Whitney Cummings kicks off Laugh Fest
Six years ago, Whitney Cummings shared a stage with Snoop Dogg, The Situation from “Jersey Shore” and the future president of the United States.
On the dais for Comedy Central’s “Roast of Donald Trump,” Cummings landed some of the better lines of the night lampooning the reality-television buffoon. (“You’re gross. Nobody likes you. But you come back every few years: You’re like the McRib!”)
Cummings, who headlines the Aspen Laugh Festival at the Wheeler Opera House today, also offered some biting takes on Trump’s political ambitions during the roast: “You recently said you’re running for president — that is such a publicity stunt. If I wanted to support a greedy whore who is pretending to run for president just to get on TV, I’d vote for Sarah Palin. … I’d say, ‘Stick to real estate,’ but your buildings are hideous.”
These days, Cummings said in a recent phone interview from Los Angeles, she largely steers away from the divisive new president in her stand-up act.
“I did a few shows before the election where I brought it up and I had like two riots break out in California,” she said. “It’s a challenging time and it’s an acrimonious time, but I’ve been proud to be a comedian because people like Samantha Bee, Trevor Noah and Seth Meyers and Judd Apatow and Adam McKay have been stepping up and telling the truth.”

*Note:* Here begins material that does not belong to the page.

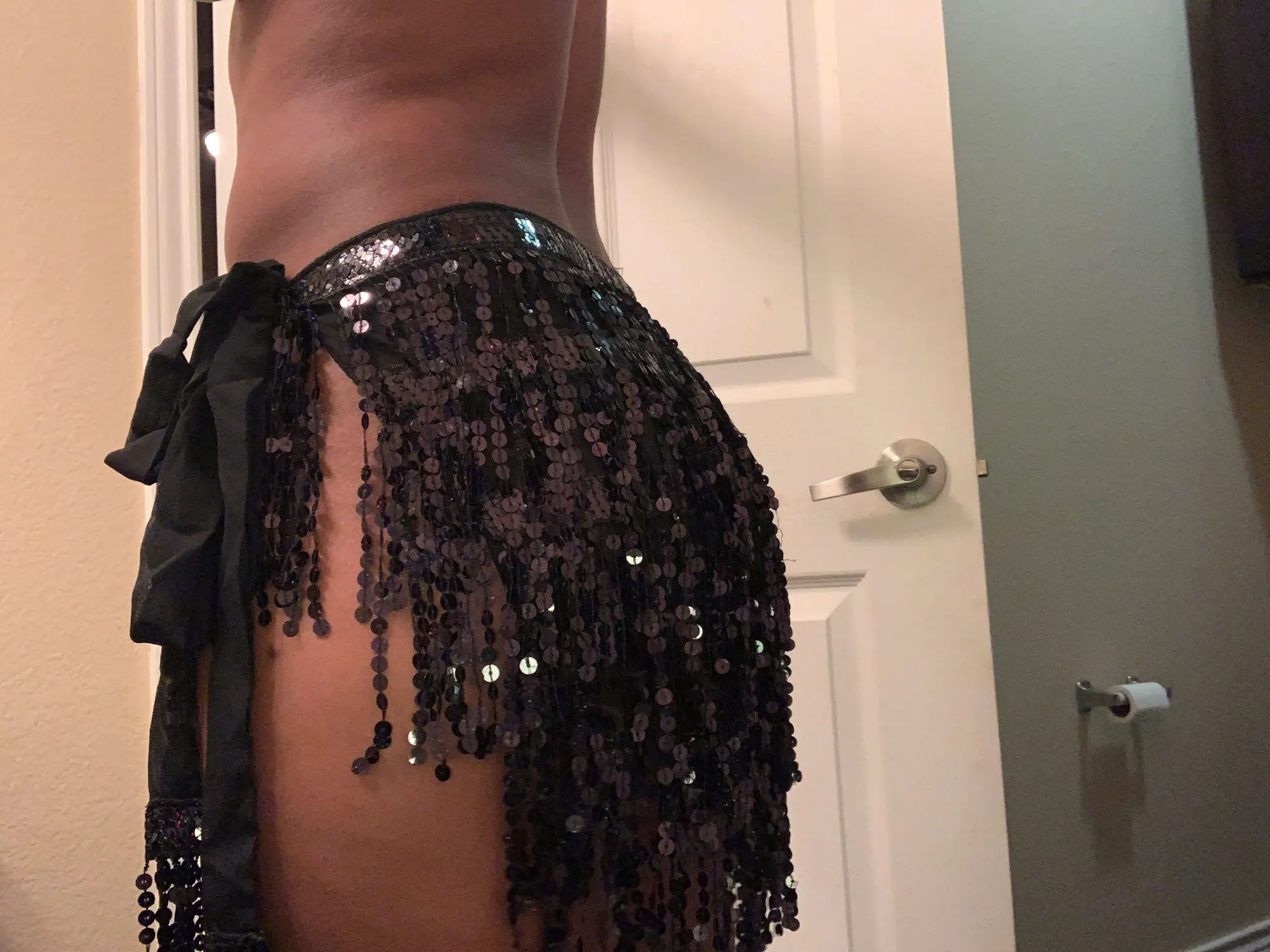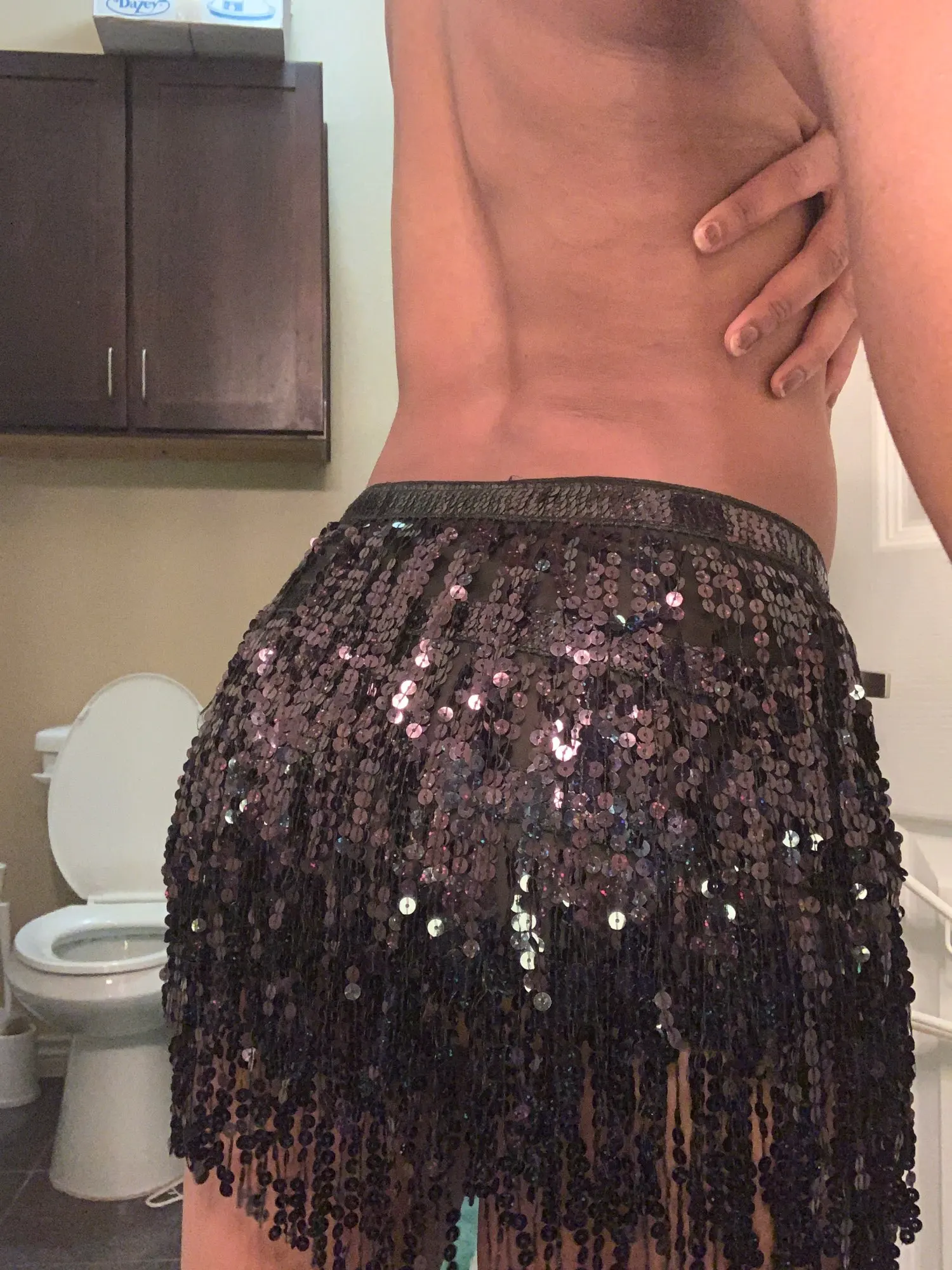 It’s a wrap skirt. It is extremely short. It’s sparkly and fun however.

Cummings doesn’t do a lot of traditional political humor or riff on current events onstage, though gender politics and the power dynamics of sex and relationships are a mainstay of her act. In her brilliant HBO special “I’m Your Girlfriend,” which premiered in early 2016, she took on fertility egg freezing and how pornography has warped norms in the bedroom. The Atlantic, in an essay last year, hailed the hilarious and incisive hourlong special as a pinnacle of “soap-box comedy.”
The comic and co-creator of the sitcom “2 Broke Girls” said she’s still working out how — if at all — to incorporate the political tumult of the Trump era into her stand-up act: “Politics isn’t really what I talk about. So it’s been an interesting conflict for me: Do I start talking about that?”
Over the past year, while also juggling several creative projects, Cummings has been touring and building new stand-up material. She started from scratch after retiring her “I’m Your Girlfriend” set, so Cummings has been testing out jokes and tweaking them based on audience reactions.
“I try not to start writing too much before I start touring,” she said.
Beyond stand-up, Cummings is in the early stages of directing the feature film “The Female Brain” and also is writing a memoir.
She described the book as covering “all the things that I’ve been too embarrassed to talk about onstage, because you have to make eye contact with people and these things are too humiliating to talk about while making eye contact. So you can read them in your house alone and not look at me judgmentally afterward.”
Her years onstage, she said, have prepared her to write the book.
“When you do stand-up, the audience doesn’t let you be boring,” she said. “So when I sit down and I’m writing, if I feel like I’m blathering on, I’m like, ‘Oh, that’s boring.’ I have a high bar for what’s worth writing about. I think stand-up has helped me with that.”
Cummings did play the Wheeler once before some years ago, at the invitation of David Brenner. She’s looking forward to facing another oxygen-starved audience in Aspen.
“When people have altitude sickness and are drunker than they should be, they laugh more,” she said. “So I’m grateful. I always get more laughs than I deserve there.”